*** Opening of EXERCISE DATA ***
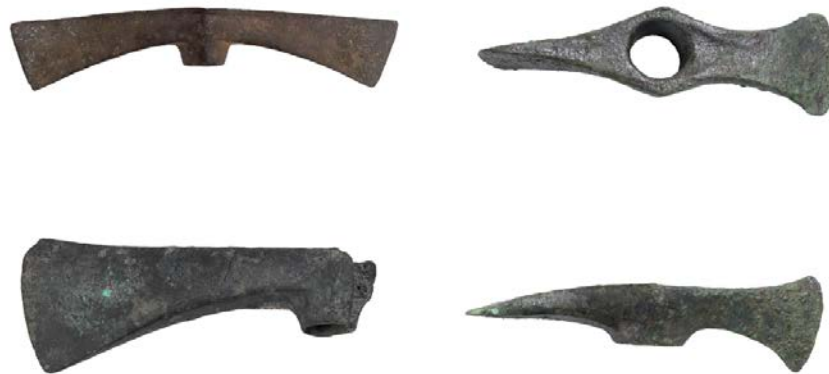
Fig. 5 - Hachas dobles halladas en los contextos nurágicos sardos (de DEIANA 2014 pág. 293).

El hacha doble de Serra Orrios, de tipo con cortes paralelos y con cuello, tiene la cara superior plana, el lado inferior semicircular, dos cortes salientes paralelos en los lados del
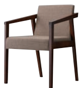
イッソウイスBR 11909-A C/布・エイガT-9204 塗装色：BR
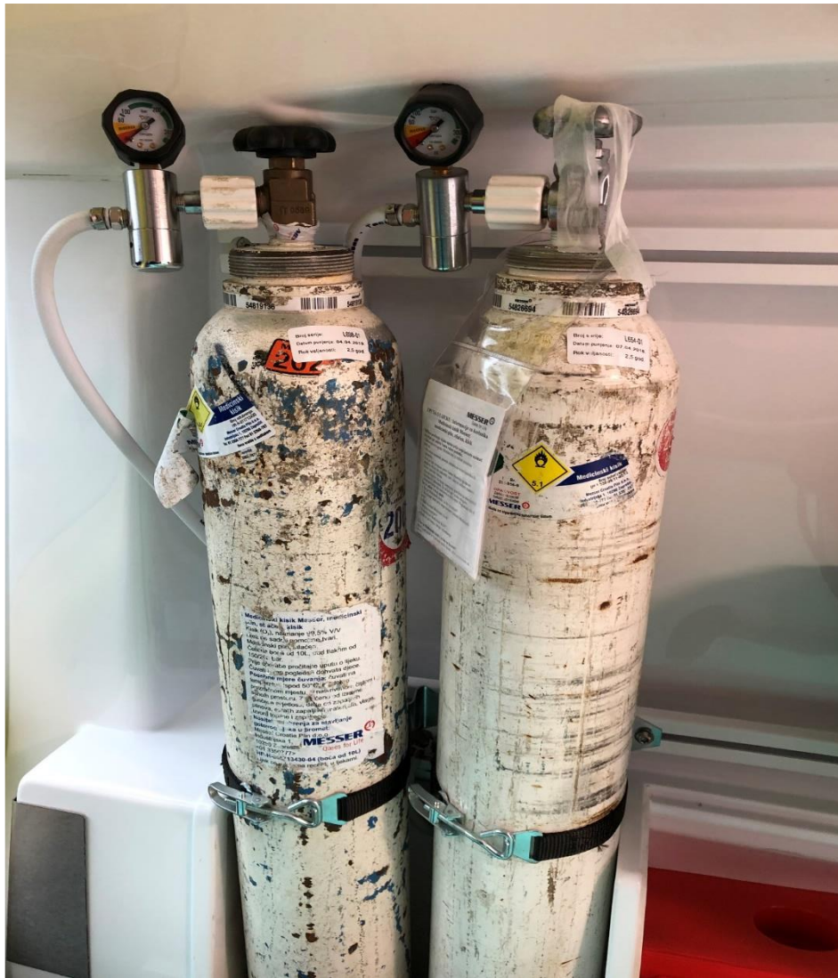
Slika 2.4.4. Fiksne boce za medicinski kisik u vozilu IHMS
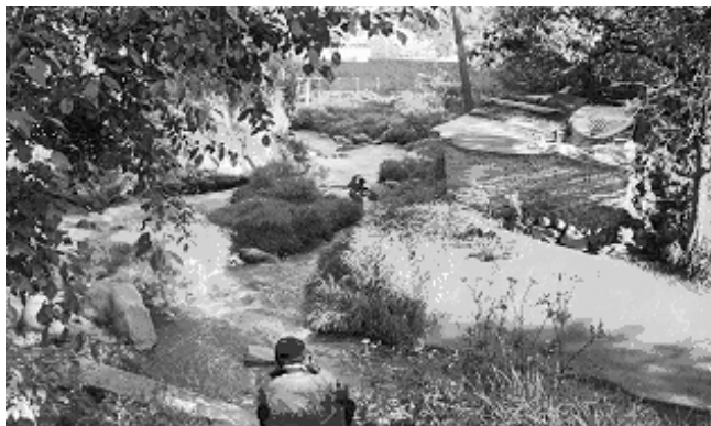
Figura 1. Cauce del Río Magdalena.

En la actualidad, estos ríos y canales se encuentran en un estado deplorable de contaminación pues han servido para evacuar las aguas negras de la ciudad de México. Sin embargo, existe un río que sigue vivo (8) a pesar de haber servido de depósito de descarga de aguas residuales ausentes de sistemas de tratamiento, provenientes de las fábricas textiles; haber servido también como fuente de energía eléctrica y de depósito de lavado de telas de las mismas fábricas; y de haber soportado las actividades derivadas de los asentamientos humanos provocados por una urbanización no planeada en el área, consistentes en desechos de aguas domésticas y basura que se arroja a lo largo de su cauce, desde la parte más alta, hasta el centro de la delegación.
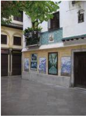
Pequeña plaza en el interior de la Alcaicería.
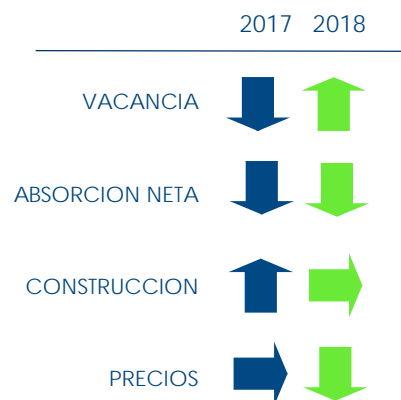
Gráfico 1: INDICADORES

*. Puede solicitar los "Informes de mercado" anteriores.
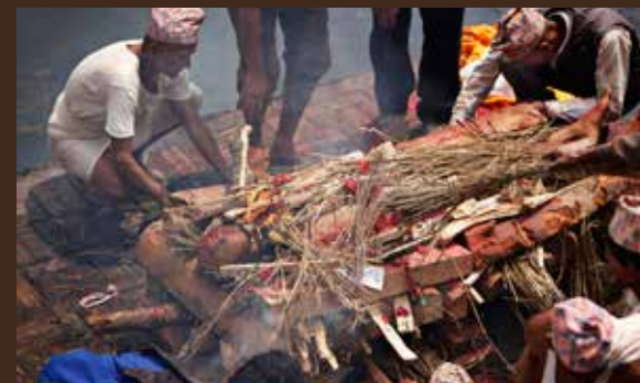
Traditionen byder, at det er familiens ældste søn, der skal sende afdøde sikkert afsted ved at tænde bålet.
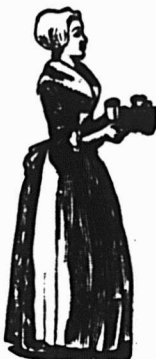
Registered U.S. Pat. Off.
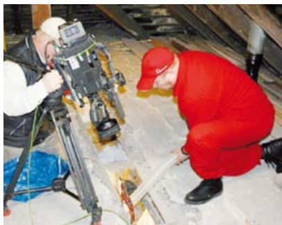
Při natáčení pořadu Rady ptáka Loskutáka - zateplení dutiny trámového stropu

Pokud by existoval způsob, jak ušetřit 30% za topení, tak by ho jistě každý majitel domu rád znal. Dobrá zpráva je, že to jde. Řešení je již na světě a opravdu to funguje. Přesvědčili se o tom majitelé již více než 12 tisíc objektů u nás. Když si představíme dům, kde za topení vydáváme kolem 35 tisíc ročně, tak dokážeme každý rok ušetřit až 10 tisíc korun.
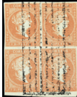
2555 20 €
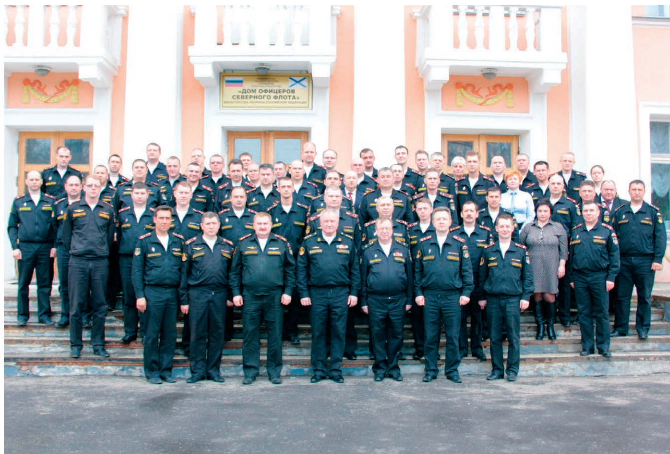
Участники сбора (Дом офицеров Северного флота, г. Североморск).
*** Close of EXERCISE DATA ***
Leaving every picture out, write out exactly the lines from the beginning of the listing above to the line with "Puede solicitar los", inclusive.

#### [OUTPUT OF THE TASK]
Fig. 5 - Hachas dobles halladas en los contextos nurágicos sardos (de DEIANA 2014 pág. 293).

El hacha doble de Serra Orrios, de tipo con cortes paralelos y con cuello, tiene la cara superior plana, el lado inferior semicircular, dos cortes salientes paralelos en los lados del
イッソウイスBR 11909-A C/布・エイガT-9204 塗装色：BR
Slika 2.4.4. Fiksne boce za medicinski kisik u vozilu IHMS
Figura 1. Cauce del Río Magdalena.

En la actualidad, estos ríos y canales se encuentran en un estado deplorable de contaminación pues han servido para evacuar las aguas negras de la ciudad de México. Sin embargo, existe un río que sigue vivo (8) a pesar de haber servido de depósito de descarga de aguas residuales ausentes de sistemas de tratamiento, provenientes de las fábricas textiles; haber servido también como fuente de energía eléctrica y de depósito de lavado de telas de las mismas fábricas; y de haber soportado las actividades derivadas de los asentamientos humanos provocados por una urbanización no planeada en el área, consistentes en desechos de aguas domésticas y basura que se arroja a lo largo de su cauce, desde la parte más alta, hasta el centro de la delegación.
Pequeña plaza en el interior de la Alcaicería.
Gráfico 1: INDICADORES

*. Puede solicitar los "Informes de mercado" anteriores.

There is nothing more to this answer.